◆ What needs to be done
Stop at the line that contains "The painting’s sweeping". Until then, set down each line of the records exactly, beginning with the first, and skip pictures.

Records from a data source:
########################################

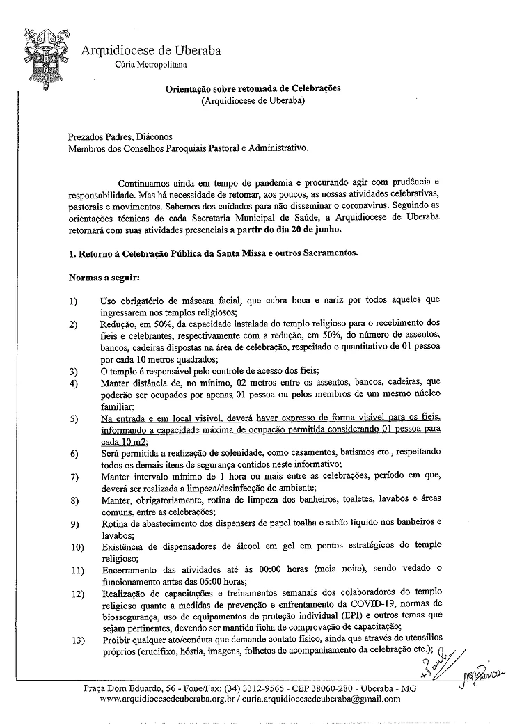Observação: As normas elencadas estão de acordo com as recomendações dos órgãos competentes e autoridades sanitárias (Ministério da Saúde, ANVISA, OMS, VISA estadual e municipal), foram emitidas pelo município de Uberaba, mas devem ser observadas em todas as Paróquias da Arquidiocese. Caso algum município tenha alguma norma complementar, esta deverá ser acrescentada conforme seus respectivos municípios.
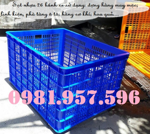 -         Sọt nhựa thiết kế 13 bánh xe kép ( 26 bánh xe) di chuyển hàng hóa có khả năng chịu tải trọng lớn ( 300kg -> 600kg/cái)
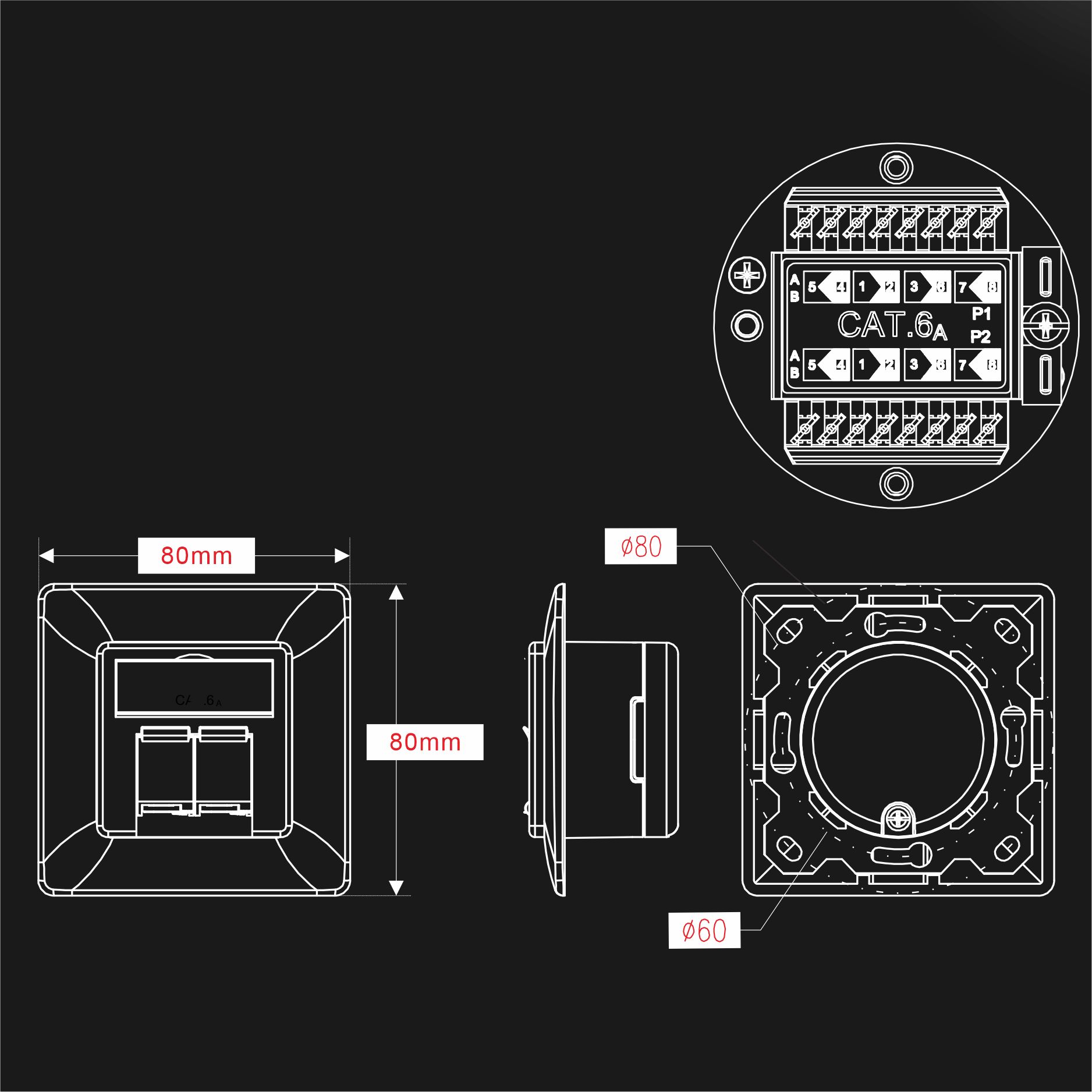 Cat 6A с защитной крышкой, 2 порта с литым кронштейном, 80x80 мм
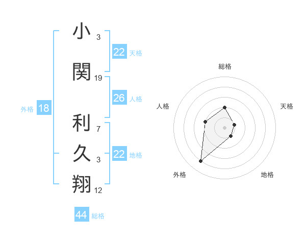 小関 利久翔さんを姓名の画数から五運を鑑定
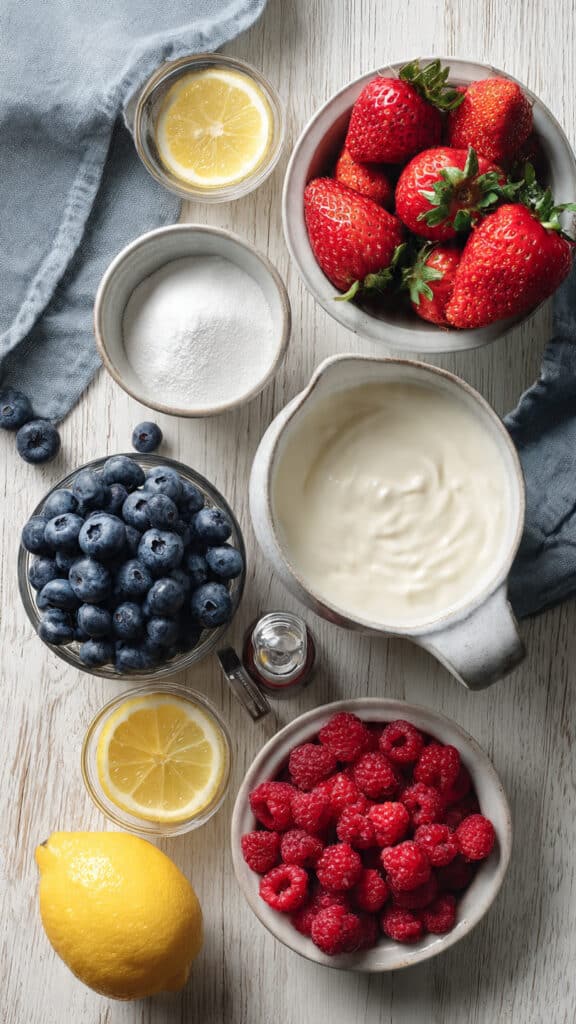 There is something almost magical about a bowl of fresh berries topped with silky lemon cream. The colors alone stop you in your tracks, deep red strawberries, vibrant blueberries, delicate raspberries, all glistening and juicy. Then comes that spoonful of pale, citrusy cream cascading gently over the fruit. It is light, refreshing, and just indulgent enough. Trust me, you are going to love this. It feels fancy, but it is secretly one of the easiest desserts you will ever make.
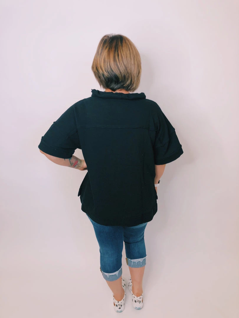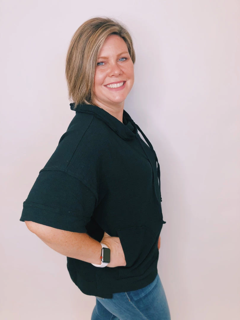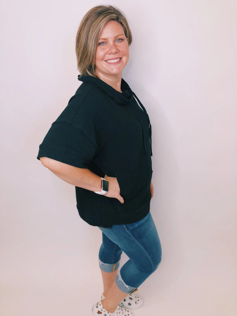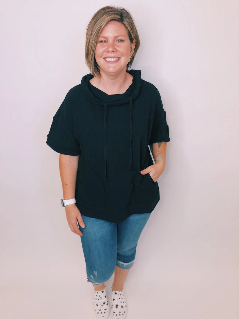 This gorgeous top features short sleeves,Β exposed seamsΒ and a cowl drawstring neck. This soft and comfy oversized top is exactly what you need all year round.
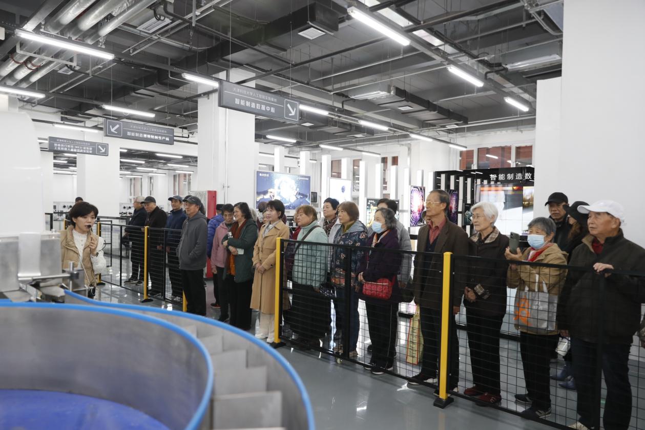 参观滨海办学二十年成果展前,离退处还组织老同志们参观了滨海西院人工智能实践基地。人工智能实践基地负责人向老同志们详细介绍了人工智能领域的最新科研成果及AI技术在生产物流领域的广泛应用,并带领大家参观了人工智能实践基地先进的设备设施。在光影交错的氛围中,老同志们感叹着科技发展的迅速,感叹着人工智能科技之光给社会带来的变化和影响。
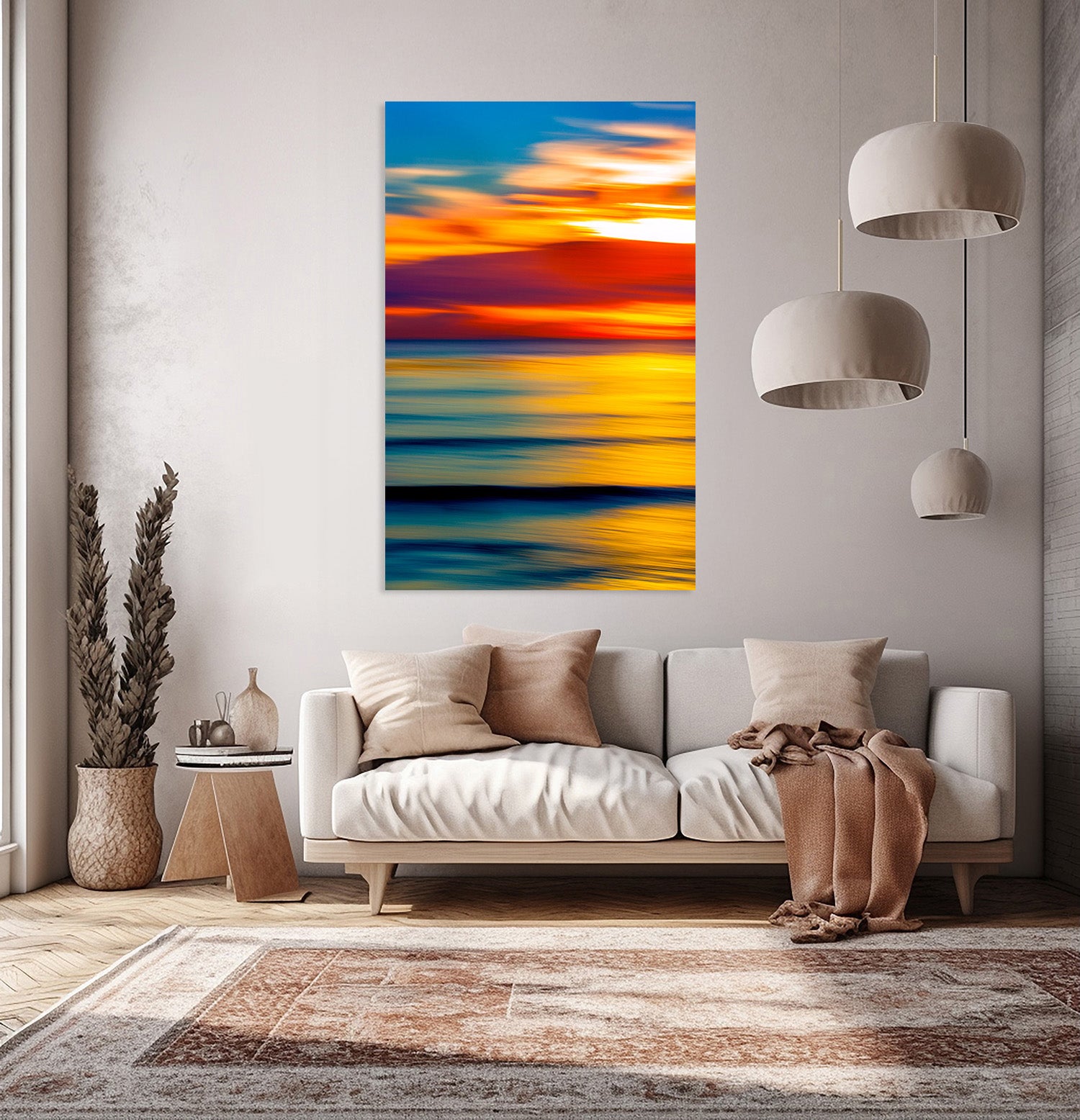 The painting’s sweeping bands of color evoke the tranquil grace of the ocean reflecting the last brilliant light, creating a luminous horizon filled with serenity and wonder. This Everyday Art piece celebrates the fleeting magic of twilight, infusing any space with warmth, beauty, and peaceful reflection.
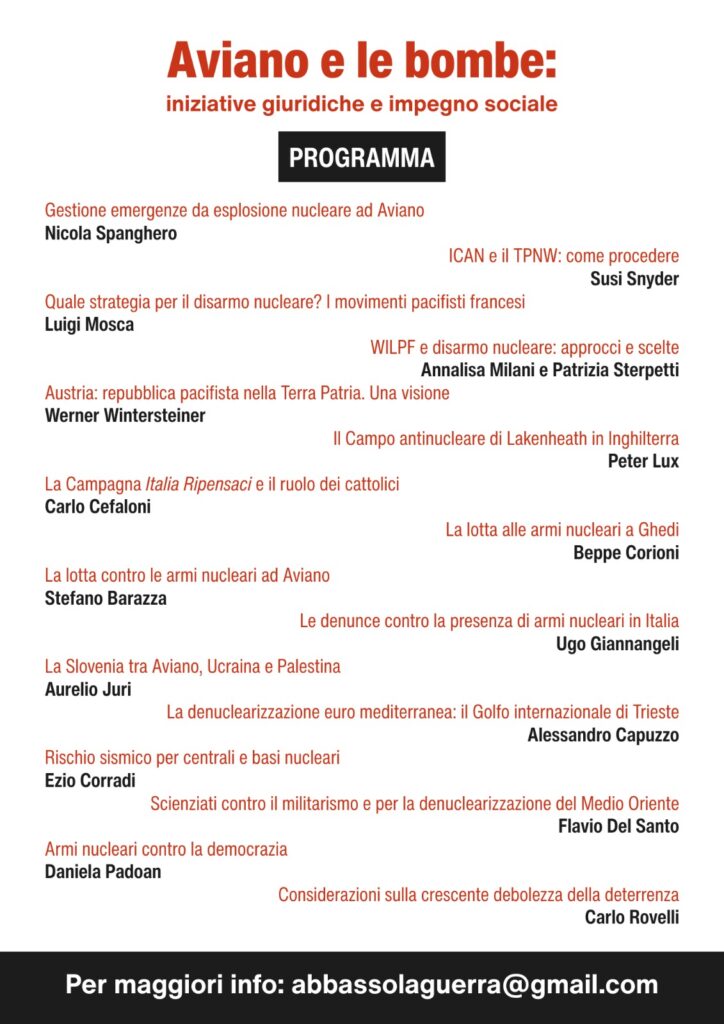 “Aviano e le bombe, iniziative giuridiche e impegno sociale. Dal genocidio in Palestina all’olocausto nucleare”, presso la Sala congressi Hotel Minerva, Via Bertossi n° 22, dalle ore 09.30 alle 17.30 (con pausa pranzo dalle 12.30 alle 13.40).
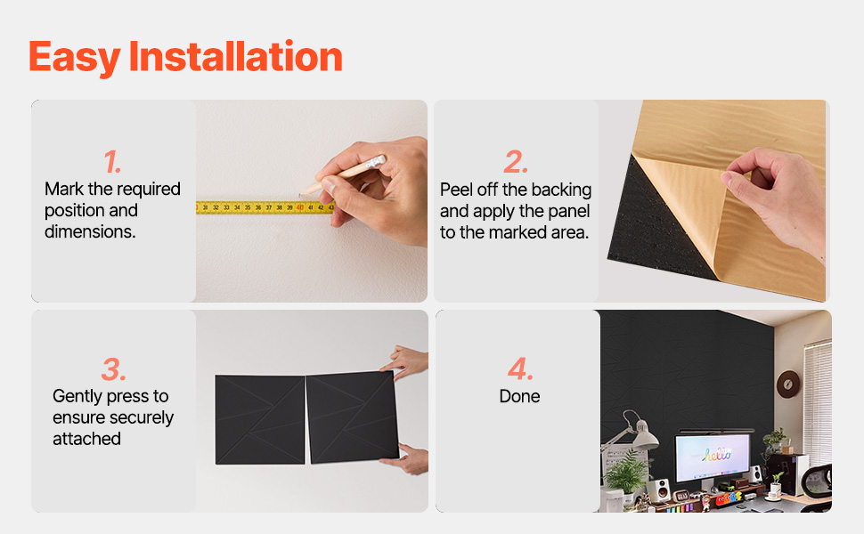 Zablokujte hluk pomocou našich vysokokvalitných stenových panelov! Jednoduchá aplikácia vďaka samolepiacemu dizajnu, bez potreby vŕtania. Bez zápachu, silná zvuková izolácia a k dispozícii vo viacerých farbách, ktoré sa hodia ku každému interiéru. Ideálne do obývacích izieb, kancelárií, ateliérov a ďalších priestorov!
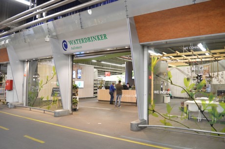 In de Cash & Carry van Waterdrinker vindt men niet minder dan 9.000 soorten binnen- en buitenplanten, inclusief zo'n 300 soorten orchideeën. En daarnaast natuurlijk een uitgebreid assortiment potten en andere toegevoegde waarde artikelen. Een en ander verschilt, qua dagelijkse gang van zaken, weinig van een 'normale' winkel: klant komt binnen, loopt rond, vult karretje en rekent af bij de kassa. Daarnaast is de Cash & Carry het magazijn waaruit online bestellingen gepakt worden.
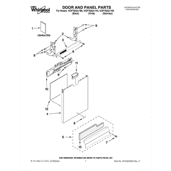 The Panel (BLK) is an OEM part for Whirlpool dishwashers. This black exterior panel is designed to provide a sleek and durable front surface for the dishwasher, enhancing its appearance and protecting internal components.

########################################

◆ Solution for this task
Observação: As normas elencadas estão de acordo com as recomendações dos órgãos competentes e autoridades sanitárias (Ministério da Saúde, ANVISA, OMS, VISA estadual e municipal), foram emitidas pelo município de Uberaba, mas devem ser observadas em todas as Paróquias da Arquidiocese. Caso algum município tenha alguma norma complementar, esta deverá ser acrescentada conforme seus respectivos municípios.
 -         Sọt nhựa thiết kế 13 bánh xe kép ( 26 bánh xe) di chuyển hàng hóa có khả năng chịu tải trọng lớn ( 300kg -> 600kg/cái)
 Cat 6A с защитной крышкой, 2 порта с литым кронштейном, 80x80 мм
 小関 利久翔さんを姓名の画数から五運を鑑定
 There is something almost magical about a bowl of fresh berries topped with silky lemon cream. The colors alone stop you in your tracks, deep red strawberries, vibrant blueberries, delicate raspberries, all glistening and juicy. Then comes that spoonful of pale, citrusy cream cascading gently over the fruit. It is light, refreshing, and just indulgent enough. Trust me, you are going to love this. It feels fancy, but it is secretly one of the easiest desserts you will ever make.
 This gorgeous top features short sleeves,Β exposed seamsΒ and a cowl drawstring neck. This soft and comfy oversized top is exactly what you need all year round.
 参观滨海办学二十年成果展前,离退处还组织老同志们参观了滨海西院人工智能实践基地。人工智能实践基地负责人向老同志们详细介绍了人工智能领域的最新科研成果及AI技术在生产物流领域的广泛应用,并带领大家参观了人工智能实践基地先进的设备设施。在光影交错的氛围中,老同志们感叹着科技发展的迅速,感叹着人工智能科技之光给社会带来的变化和影响。
 The painting’s sweeping bands of color evoke the tranquil grace of the ocean reflecting the last brilliant light, creating a luminous horizon filled with serenity and wonder. This Everyday Art piece celebrates the fleeting magic of twilight, infusing any space with warmth, beauty, and peaceful reflection.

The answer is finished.